Why do you need to know? AFAIK, debs to be imported are left behind by default. No harm done.

My heuristic would be: acng does no index updates on its own for house-keeping. Indexes are refreshed only when a client requests the index file and it is out of date. Why does acng need to update index files for housekeeping? For importing it might only have two "errors", both of them tolerable. A) importing a deb that's already superseded or otherwise deleted upstream or b) not importing a deb file yet. b) would be fixed the next time the index is updated and another import triggered. Worst case is the file gets fetched over the network even though it's already in _import.

On top of that you might implement your 300 MB idea. Be careful though to also update index files whenever a 404 occurs. Imagine the following. Index is updated on day 1. Files requested from clients is 50 MB daily (to keep things simple). On day 3, foo_1.2-1_all.deb is replaced with foo_1.3_1.all.deb upstream and the former package is deleted. On day 4 (index file is still out of date) a client requests foo_1.2-1_all.deb and the server responds with 404. This would need to trigger an update to the corresponding index file or else the client will see a faulty 404 error. The client would still see the error but be able to recover from it upon updating its local index.

Revision history for this message
Rolf Leggewie (r0lf) said :
#8

I forgot to discuss the second case of housekeeping, expiry. Worst case with an outdated index file is that it would keep files in the local cache even though they are already gone upstream. No real harm done.

Revision history for this message
Launchpad Janitor (janitor) said :
#9

This question was expired because it remained in the 'Open' state without activity for the last 15 days.

Revision history for this message
Rolf Leggewie (r0lf) said :
#10

Any comment, Eduard?

Revision history for this message
Launchpad Janitor (janitor) said :
#11

This question was expired because it remained in the 'Open' state without activity for the last 15 days.

Revision history for this message
Eduard Bloch (edi-gmx) said :
#12

Hi, sorry, maybe I misunderstood the original question.
And I am still confused. There are now different questions in the discussion, which one do you mean?

The one in the topic -> easy, set the checkbox

Index file in the _import folder -> I will add to the wishlist. The code could attempt to include them, there are now better means for that after the last overhaul.

File remaining in _import folder -> whatever you want... remove them if they could not be picked up, or store them in your safe, ...

Updating index files regularly for daily jobs -> probably waste of bandwidth in some cases and should be changed, as described.

Revision history for this message
Rolf Leggewie (r0lf) said :
#13

> There is, actually, a checkbutton right on top of the admin page, called
>
> Don't update index files (DANGEROUS for expiration tasks!)

When was that introduced?

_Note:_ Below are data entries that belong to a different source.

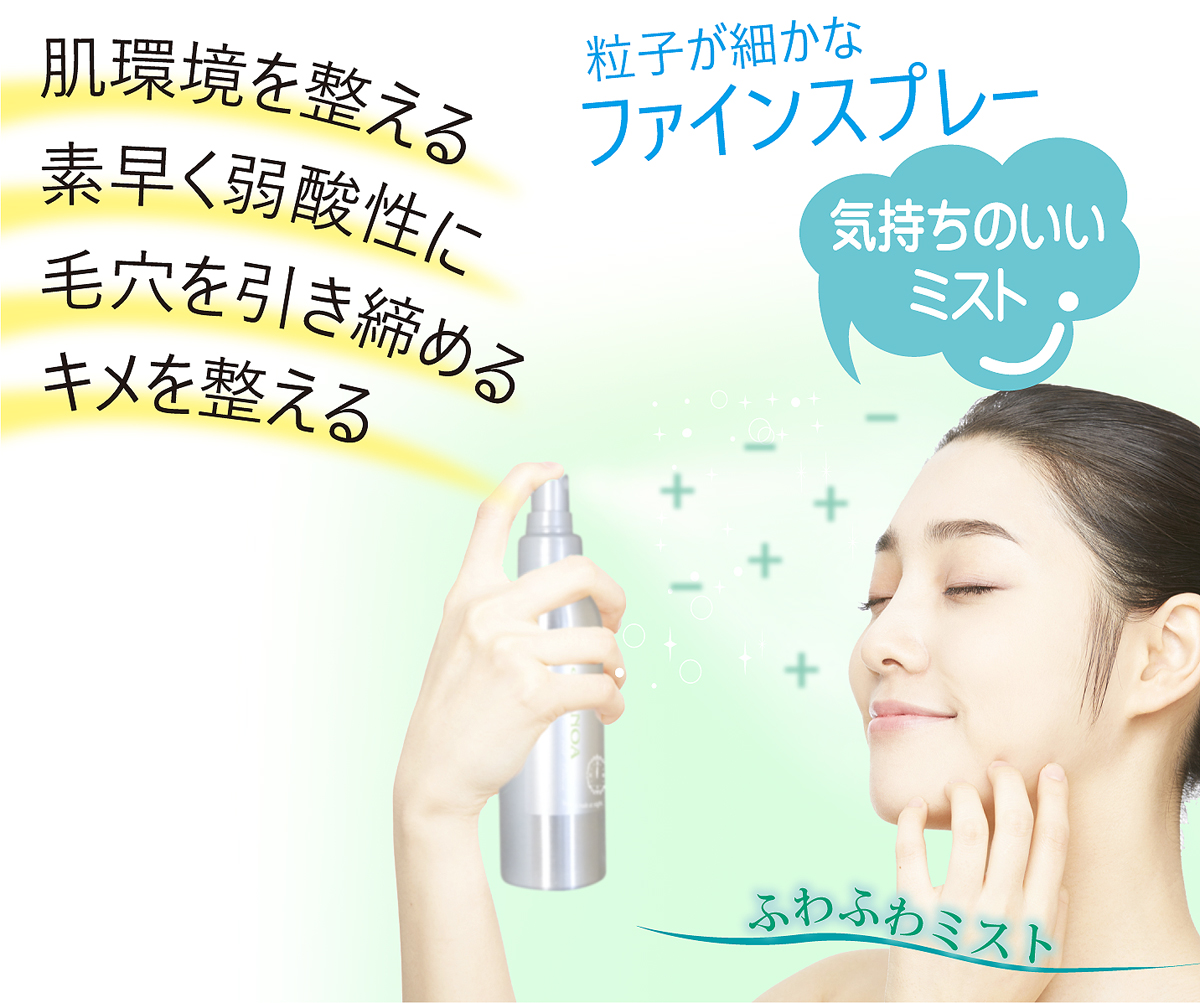 気持ちの良い細かなファインスプレータイプ。お肌の隅々に美肌水分を広げ、素早く弱酸性に整え・毛穴を引き締めキメを整えます。肌は光リフレクトされ艶肌に。
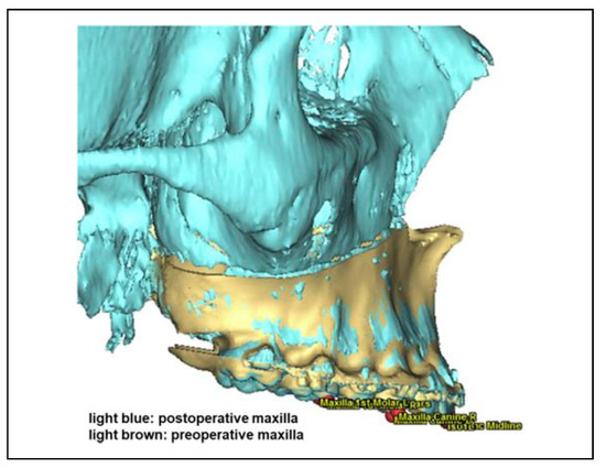 - Heufelder, M.; Wilde, F.; Pietzka, S.; et al. Clinical accuracy of waferless maxillary positioning using customized surgical guides and patient specific osteosynthesis in bimaxillary orthognathic surgery. J Craniomaxillofac Surg. 2017, 45, 1578–1585. [Google Scholar] [CrossRef]
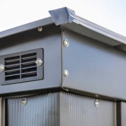 Robuste et fiable, cette armoire de rangement d’extĂ©rieur est conçue Ă partir de tĂ´le d’acier galvanisĂ© de 0,3 mm d’épaisseur, parois comme toiture. Très solide, ce matĂ©riau ne craint ni la corrosion, ni les intempĂ©ries, et ce sans nĂ©cessiter de traitement ou d’entretien particulier. Sa finition anthracite lui permettra par ailleurs de s’intĂ©grer plus aisĂ©ment dans votre extĂ©rieur.Â

I compiled the jessie-backports package for Raspbian now and that knob isn't there.

We touched on a few, related the areas but the original question is still how I can import stuff without downloading a bunch of index files (on a jessie system).

Revision history for this message
Rolf Leggewie (r0lf) said :
#14

> The one in the topic -> easy, set the checkbox

Nope, as the checkbox isn't there

Revision history for this message
Launchpad Janitor (janitor) said :
#15

This question was expired because it remained in the 'Open' state without activity for the last 15 days.